Monday, January 16, 2012

do you prefer your brain fried or scrambled?

If I were to serve up my brain like an egg on a platter you could order it either way: fried or scrambled. This is what happens to it whenever I attend a writing conference that involves writing to a prompt--especially a timed prompt. So, for lack of time and energy and inspiration, this week I am posting a piece that I wrote over the weekend at the Poetry and Prose Getaway, hosted by Peter Murphy ( with guest poet, Stephen Dunn (

If you want to play along, this is the prompt:

Write a piece that provides concrete advice for the completion of an intangible goal. Include three movie titles in the narrative but do not offer them as movie titles (you'll see what I mean...). Recommend at least one thing you find personally abhorrent. And include a recipe among your instructions.

This is the piece:


If you are lost and lonely, cold and hungry, it may be time to seek shelter.

If you have been cast aside, or neglected, or abused it may be time to think about moving on.

Fortunately negotiating terms of endearment is not a difficult thing to do.

You must, first of all, resolve to be patient. To be persistent. But, above all, you must promise to be faithful, steadfast, and true.

Try not to jump at the first thing that comes along. Take as long as you like to survey your surroundings. Women who are home alone are the easiest targets while it’s probably best to avoid grumpy old men.

When you have made your decision, you must approach quietly, with utmost humility and due deference. Locate the welcome mat. Sit. Stay. Announce your arrival with a soft, sweet whimper. If necessary, you may whine but never bark. And never, ever howl. These behaviors can be off-putting to some timid souls.

When the door opens, even a crack, immediately drop to the floor. Insert your snout firmly between your front paws and gaze upward apologetically. With unadulterated affection. With such sweet sorrow.

You are already situated on the welcome mat. Give it three good whacks with your tail as though you know exactly what the word “welcome” means and you are going to hold them to it.

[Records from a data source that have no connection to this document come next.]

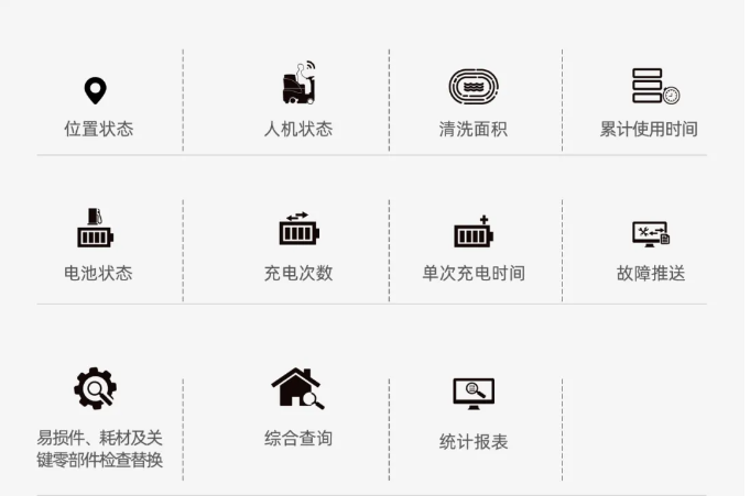 S系列掃地車,搭載高美智慧清潔管理系統(tǒng),可以提供科學管理方案,特別針對面積大、項目多的單位,高美智慧清潔系統(tǒng)可以同時管理幾十臺以上的機器,可以洞察機器運行狀態(tài),實現(xiàn)人、設備、場景的智能關聯(lián),集成了科學的清潔方案和資產管理方案,大幅度降低了清潔成本和提升了運營效率。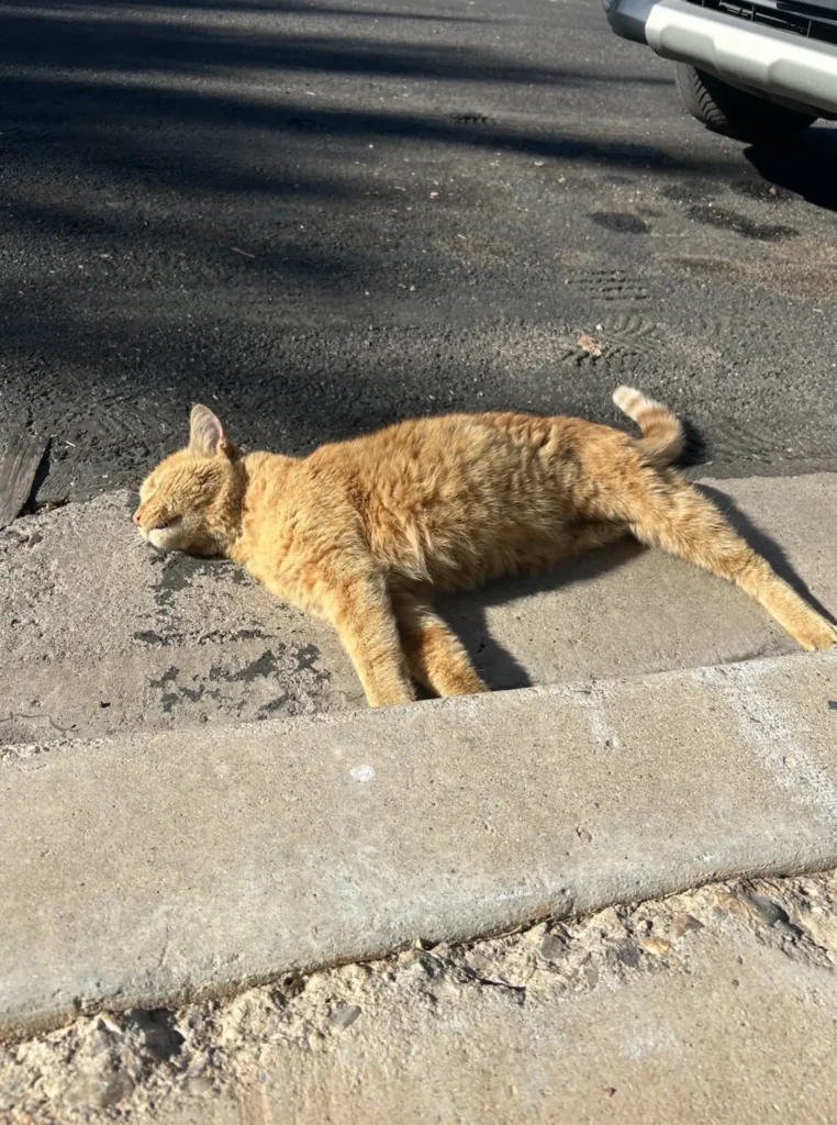 While spending time near him, Caitlyn noticed something surprising: the cat only had three legs.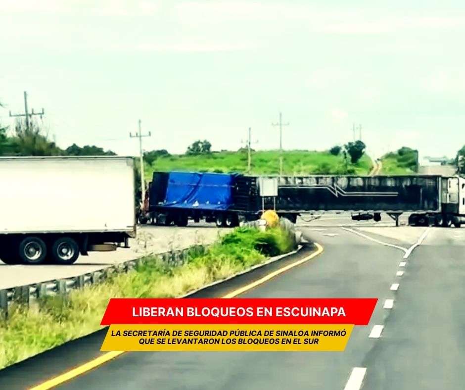 Escuinapa, Sinaloa (El Diario de Hermosillo).- Todas las carreteras que comunican con la ciudad de Escuinapa quedaron ya liberadas de los bloqueos que se presentaron la mañana del domingo 21 de diciembre de 2025, informaron autoridades municipales y de la Secretaría de Seguridad Pública Estatal (SSPE).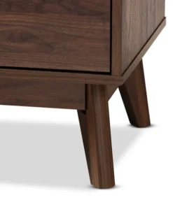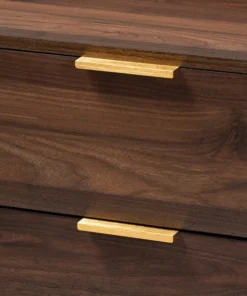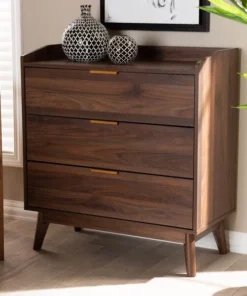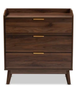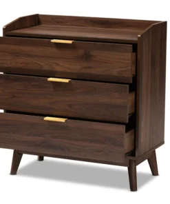 Rich wood tones are paired with a retro silhouette in the Lena chest. Constructed from engineered wood, the Lena displays an elegant walnut brown finish that complements any color scheme. Three drawers present ample space to store clothes, linens, and more. Each drawer is fitted with metal glides for smooth movement, as well as a gold-tone metal handle for a touch of refinement. Angled, tapered legs showcase the iconic mid-century look. The Lena chest requires assembly.

Do not be offended if, at first, you are not offered food. A sip of water can’t hurt but don’t be surprised or discouraged if you are offered neither. Some people just don’t get it.

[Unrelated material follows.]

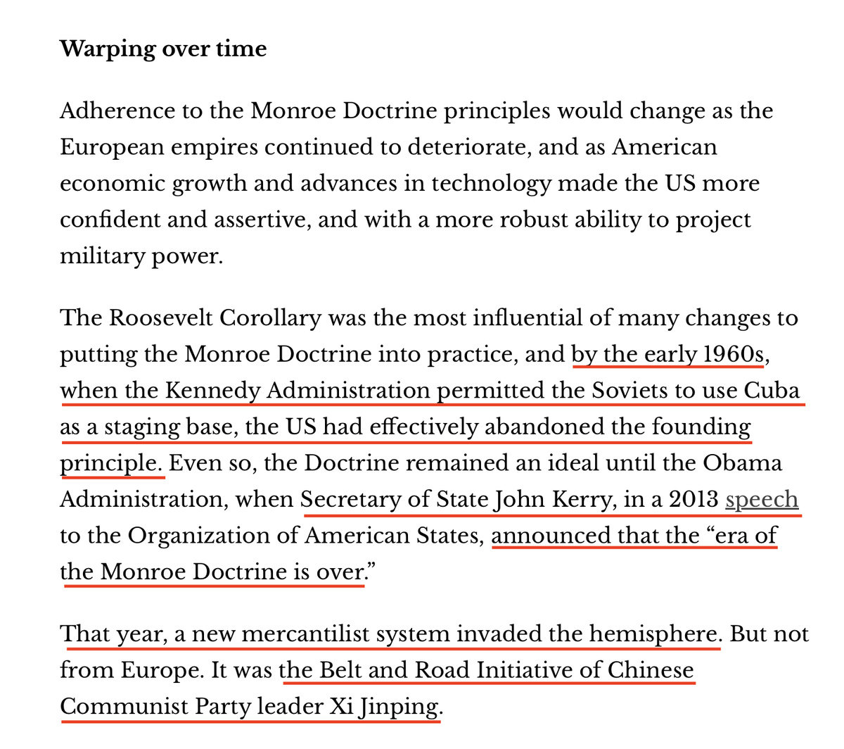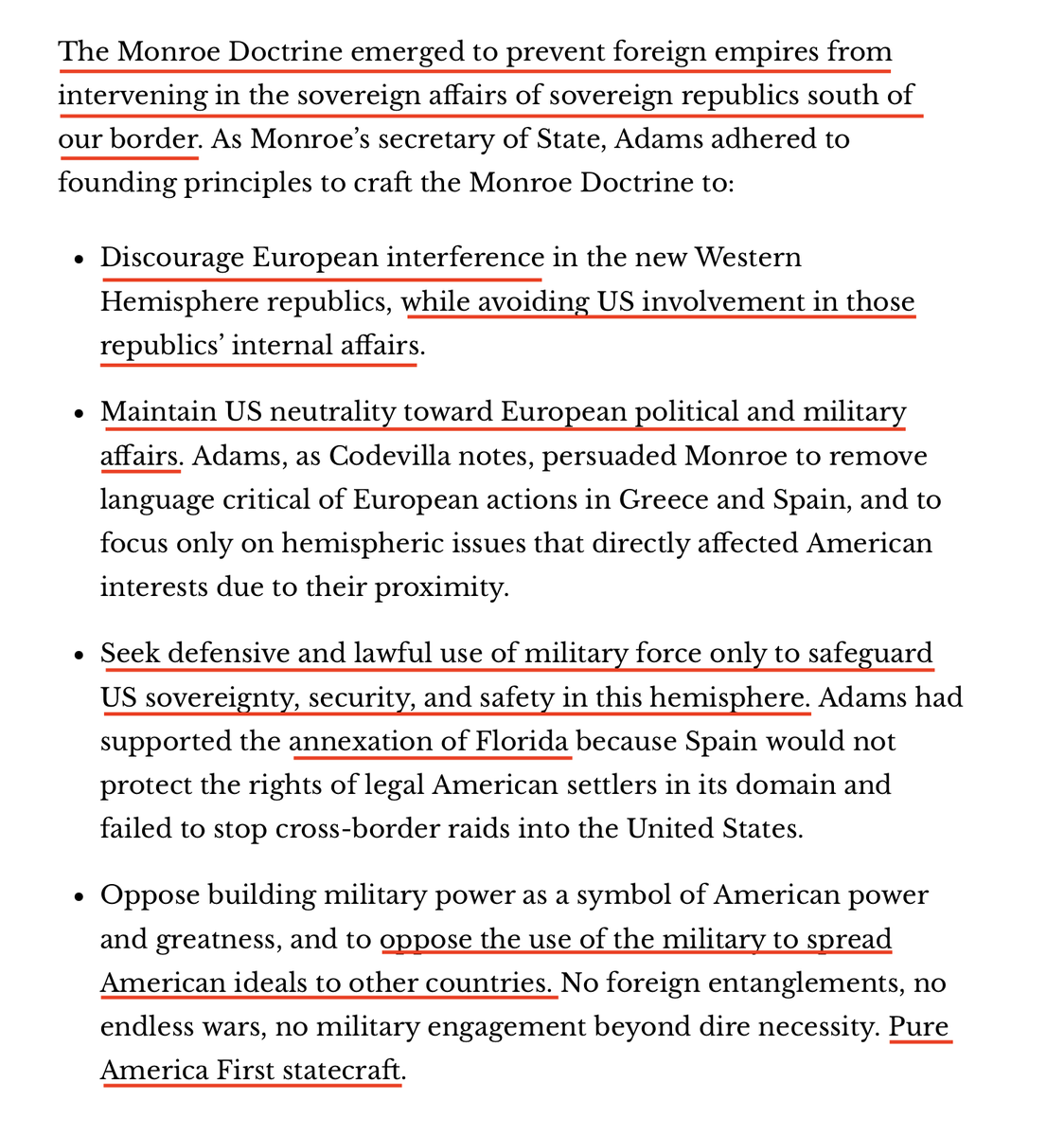 🧵 It's important for President Trump to restore the two-century-old Monroe Doctrine, which the neocons abandoned & the Left renounced.

If you are shooed off, if the door slams shut in your face, do not despair. Drop immediately to the floor again and secure your position. Now may be a good time to yawn and stretch. You can pretend to take a nap. Do whatever it takes to buy some time because before long someone is going to check to see that you’re gone. And if you haven’t moved, they’ll worry that you’re sick or injured. Now is your chance!

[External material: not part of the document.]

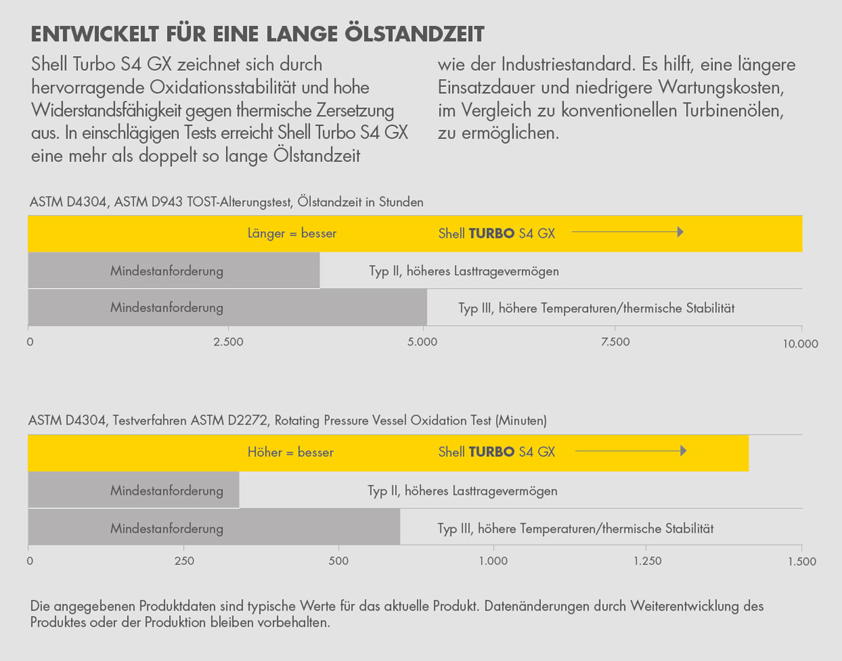 Die Shell Turbo S4 X-Serie ist ideal für industrielle Anwendungen, bei denen hohe Temperaturen und lange Betriebszeiten gefordert sind. Diese Hochleistungs-Turbinenöle zeichnen sich durch eine exzellente Alterungsbeständigkeit aus und gewährleisten somit eine außergewöhnliche Schmierleistung über lange Zeiträume hinweg.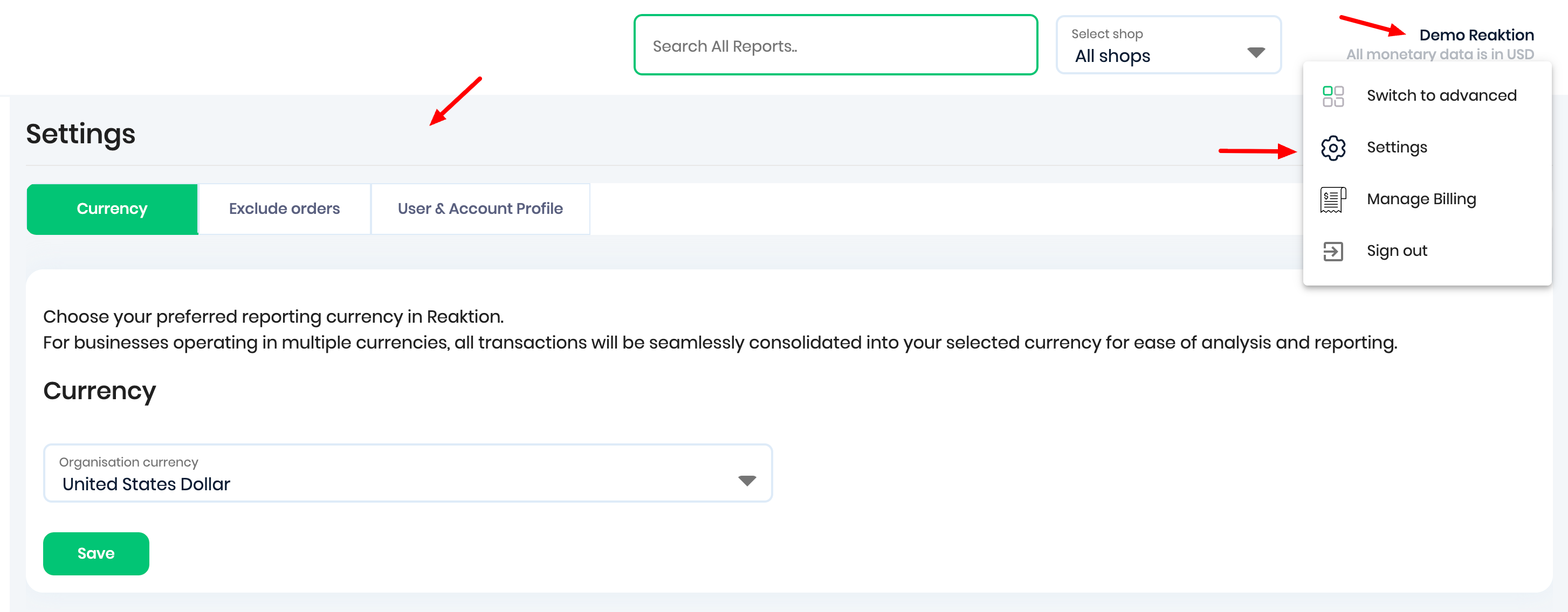 When you click on the user name in the top right, you can manage the settings of the Reaktion account you are currently viewing, like:

Hold very still. Allow them to approach you. Don’t forget the gaze—the “I-promise-to-love-you-forever-if-you'll-just-let-me-in” gaze.  

Chances are they’ll touch you on the nose first. Some people are under the impression that a cold, wet nose is a good sign. They may want to check your paws. Even though you hate it try not to pull away. And if they attempt to feel under your belly, simply roll over. Close your eyes and smile. It may earn you a belly rub.
When they are sufficiently reassured that you are neither begging for food nor ill nor injured you may jump up, prance about, and wag your tail fetchingly. If you can pull it off, when you are invited inside, tinkle lightly on the door mat. It keeps the competition at bay.

If food and water are offered, you may now indulge freely. There will be plenty of time later on to convince them that you prefer ground sirloin mixed with basmati rice and a smidgen of ketchup.
Because by now they should know that they are endeared to you forever.
"Never underestimate the healing power
of warm dog breath."
At the conference, I managed to work up the nerve to read one of my flash fiction pieces at an open mic. I may share that with you next week.



  1. Good for you to stand up and read. It's nerve wracking isn't it?

  2. That was so cute and clever. I'm sure my mind would have blanked with those instructions.

  3. Delores--...right up there with sky-diving.

    Susan--Actually it was fun! Pretty light and shallow, though, compared with some of the deep, dark minds in my group!